### ACTION ITEM
Drop the pictures, then extract the listing word for word.

### PROVIDED DATA
+ + +

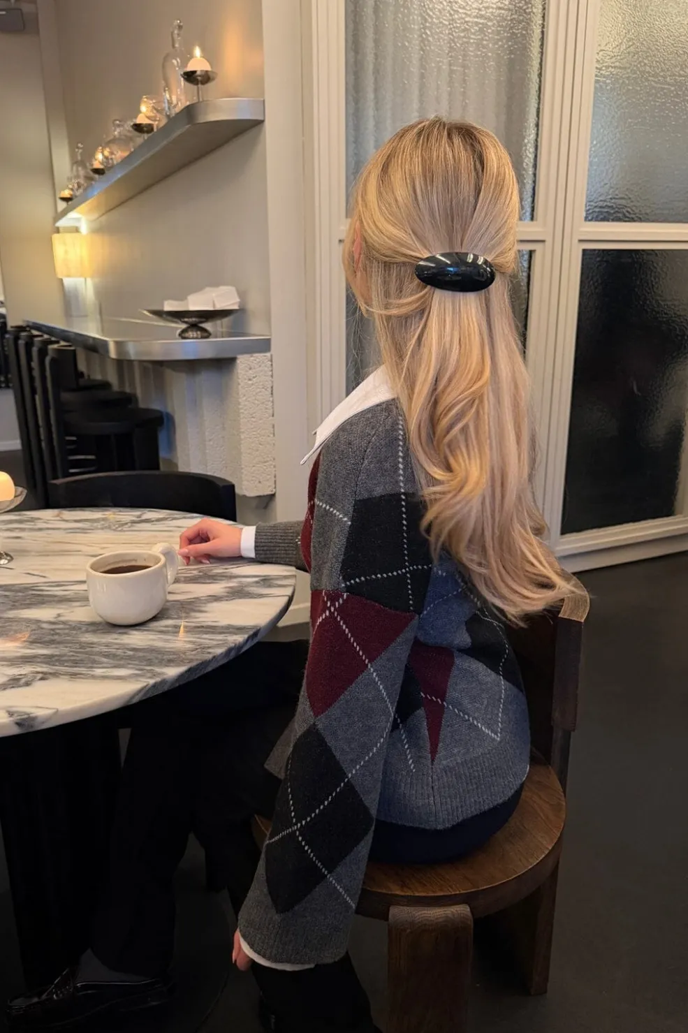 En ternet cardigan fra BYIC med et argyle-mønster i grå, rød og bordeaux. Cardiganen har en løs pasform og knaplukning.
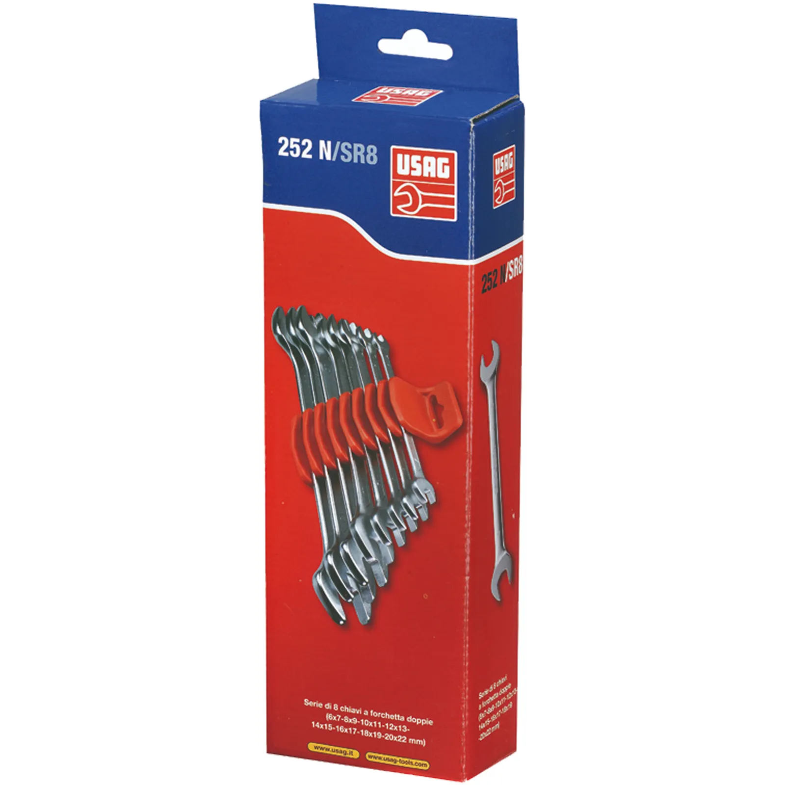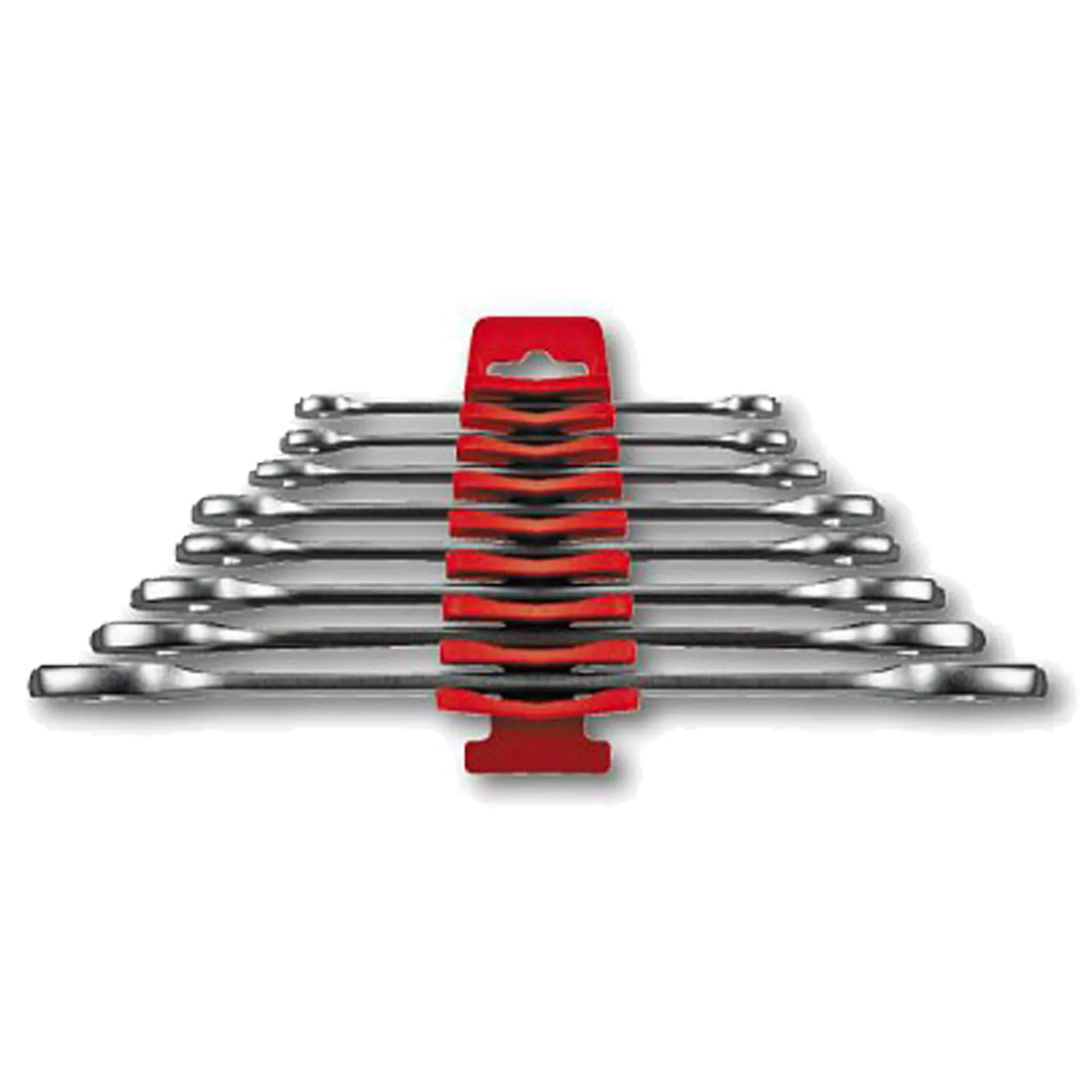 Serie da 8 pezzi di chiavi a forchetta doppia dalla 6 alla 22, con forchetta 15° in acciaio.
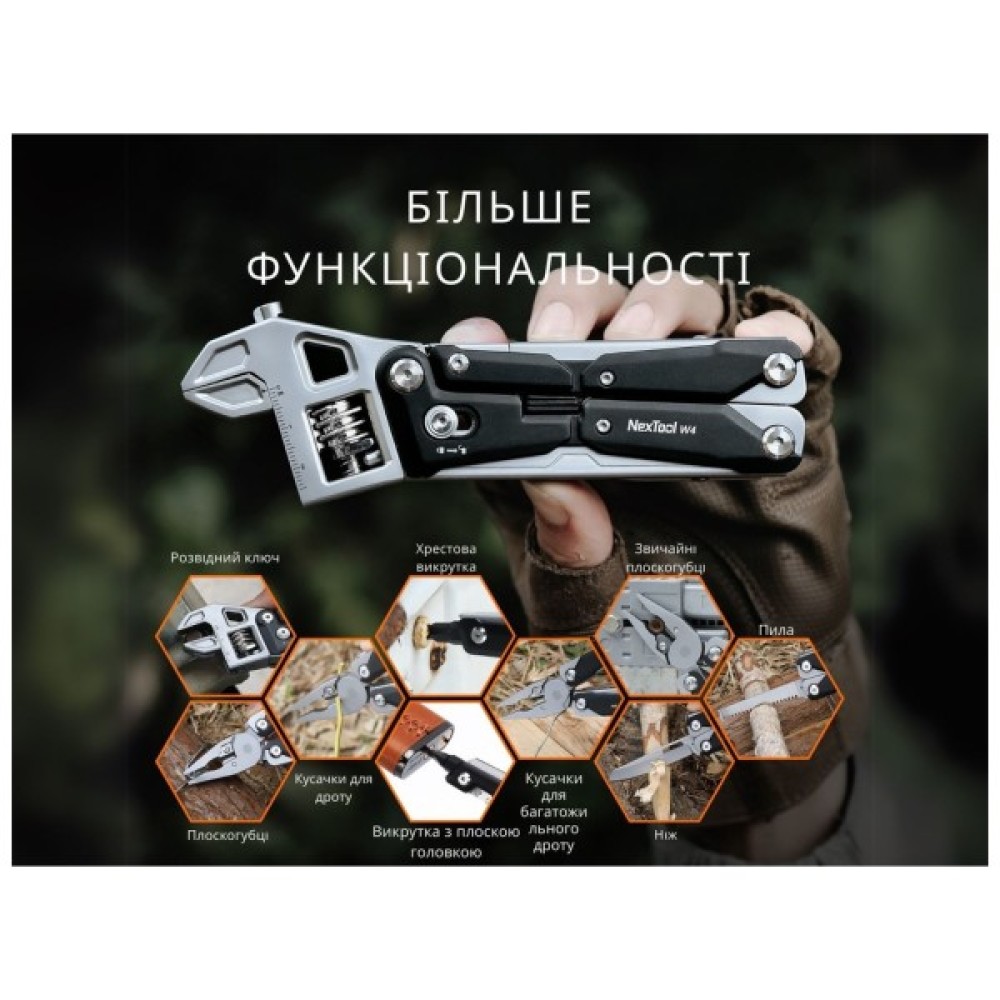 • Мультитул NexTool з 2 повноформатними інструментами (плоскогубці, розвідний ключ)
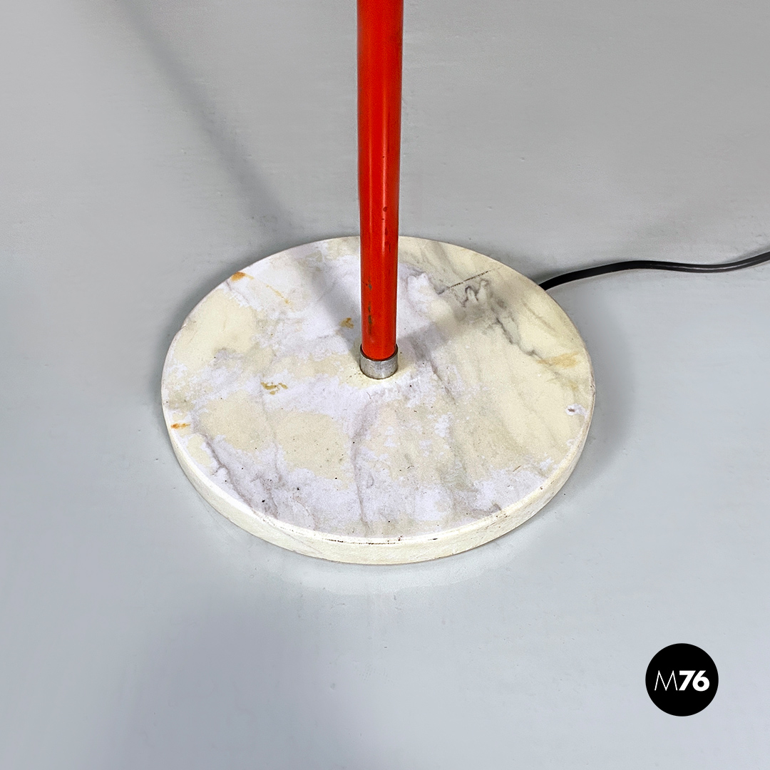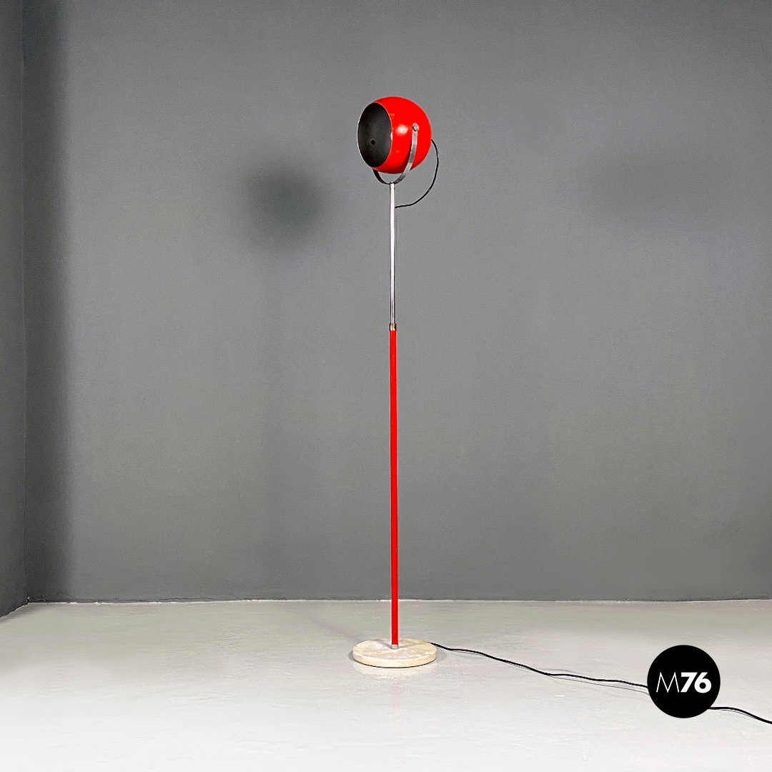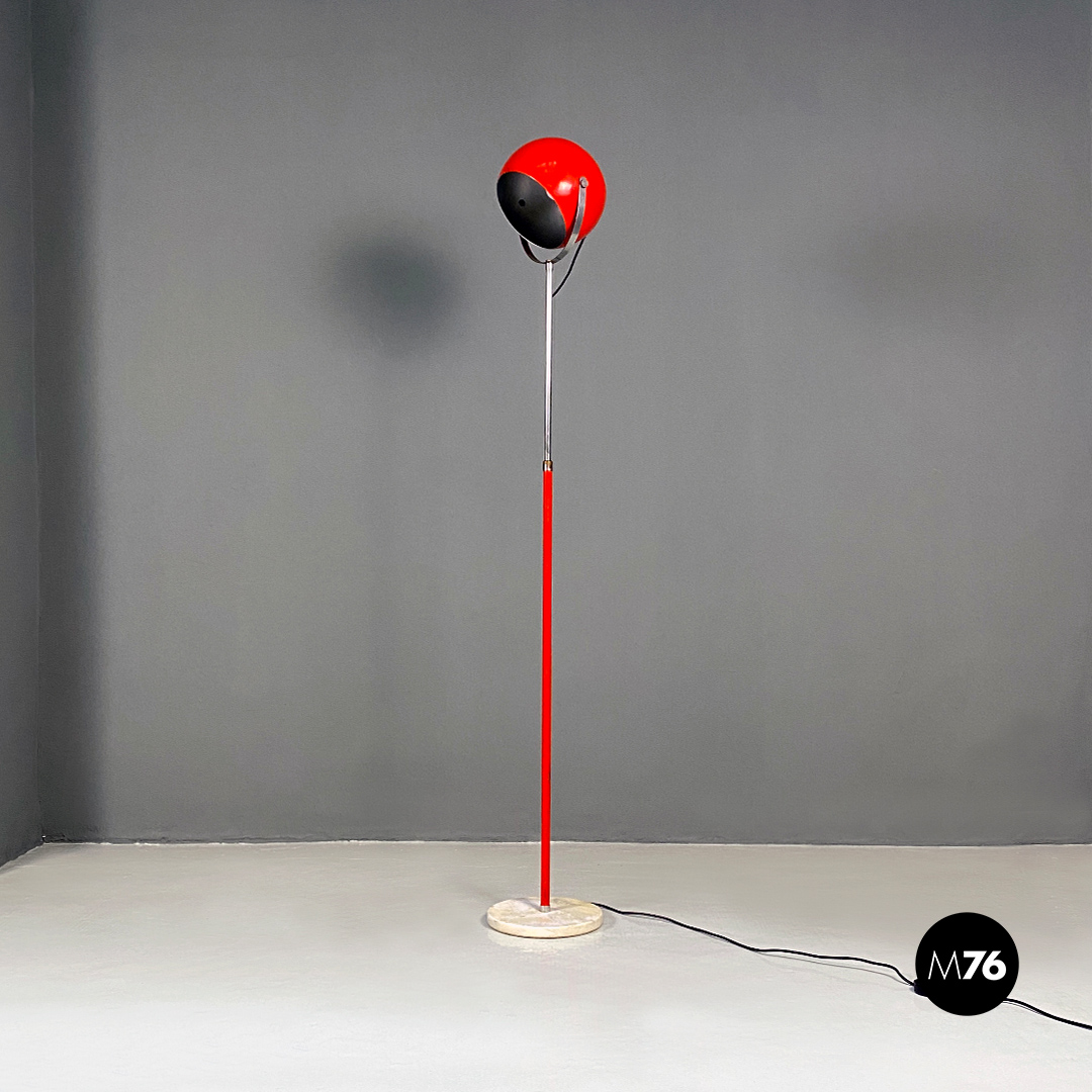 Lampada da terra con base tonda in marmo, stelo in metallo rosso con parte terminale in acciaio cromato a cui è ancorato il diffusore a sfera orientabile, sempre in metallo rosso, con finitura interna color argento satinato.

+ + +

### TASK RESULT
 En ternet cardigan fra BYIC med et argyle-mønster i grå, rød og bordeaux. Cardiganen har en løs pasform og knaplukning.
 Serie da 8 pezzi di chiavi a forchetta doppia dalla 6 alla 22, con forchetta 15° in acciaio.
 • Мультитул NexTool з 2 повноформатними інструментами (плоскогубці, розвідний ключ)
 Lampada da terra con base tonda in marmo, stelo in metallo rosso con parte terminale in acciaio cromato a cui è ancorato il diffusore a sfera orientabile, sempre in metallo rosso, con finitura interna color argento satinato.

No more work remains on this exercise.